### Work request
Print the records below exactly, from the line containing "This setup transforms" down to the line containing "The ponderosa pines", both lines included, and omit every picture.

### Exercise input
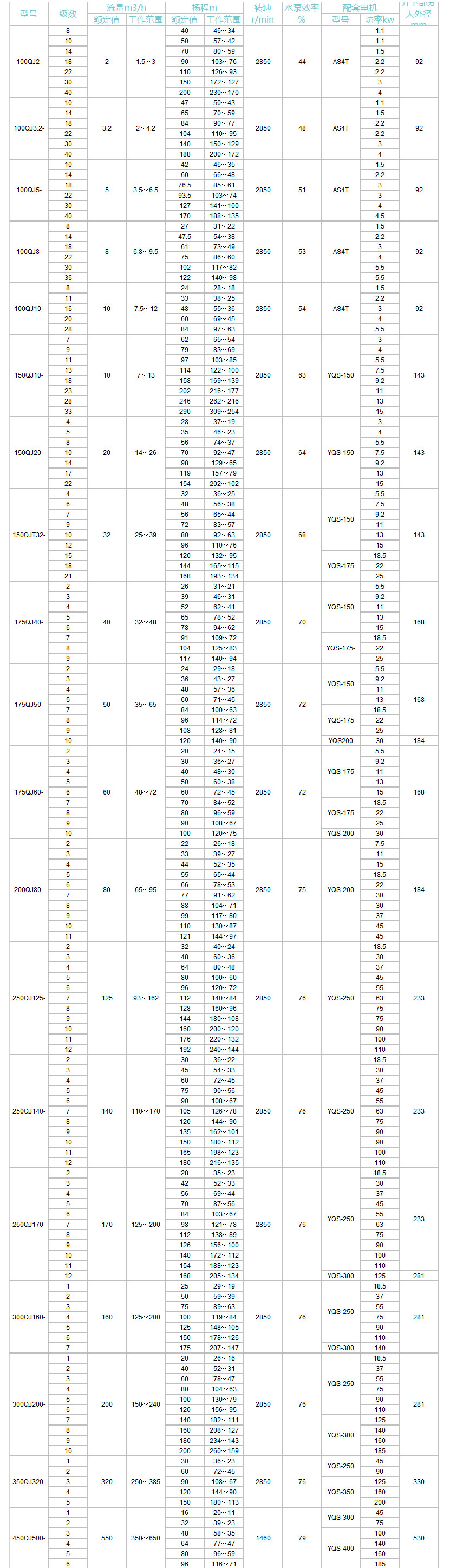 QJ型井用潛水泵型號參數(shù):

...

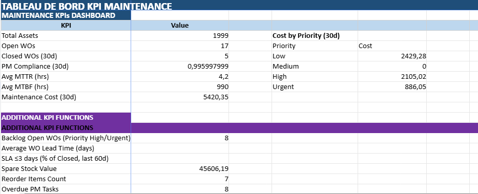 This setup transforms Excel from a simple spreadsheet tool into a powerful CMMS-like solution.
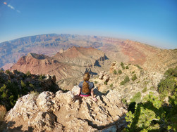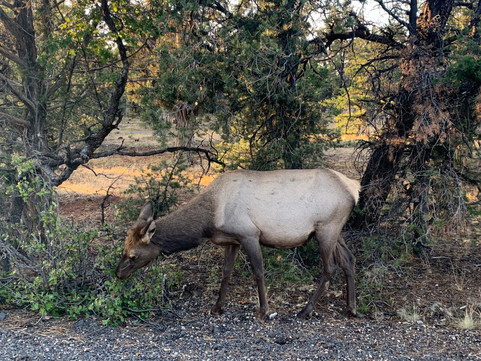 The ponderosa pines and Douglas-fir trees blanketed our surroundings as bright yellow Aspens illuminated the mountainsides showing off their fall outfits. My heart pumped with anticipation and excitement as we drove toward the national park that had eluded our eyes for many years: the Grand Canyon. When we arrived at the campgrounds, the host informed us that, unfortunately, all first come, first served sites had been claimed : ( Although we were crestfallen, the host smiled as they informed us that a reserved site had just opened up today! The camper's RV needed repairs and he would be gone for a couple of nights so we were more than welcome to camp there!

### Worked solution
 This setup transforms Excel from a simple spreadsheet tool into a powerful CMMS-like solution.
 The ponderosa pines and Douglas-fir trees blanketed our surroundings as bright yellow Aspens illuminated the mountainsides showing off their fall outfits. My heart pumped with anticipation and excitement as we drove toward the national park that had eluded our eyes for many years: the Grand Canyon. When we arrived at the campgrounds, the host informed us that, unfortunately, all first come, first served sites had been claimed : ( Although we were crestfallen, the host smiled as they informed us that a reserved site had just opened up today! The camper's RV needed repairs and he would be gone for a couple of nights so we were more than welcome to camp there!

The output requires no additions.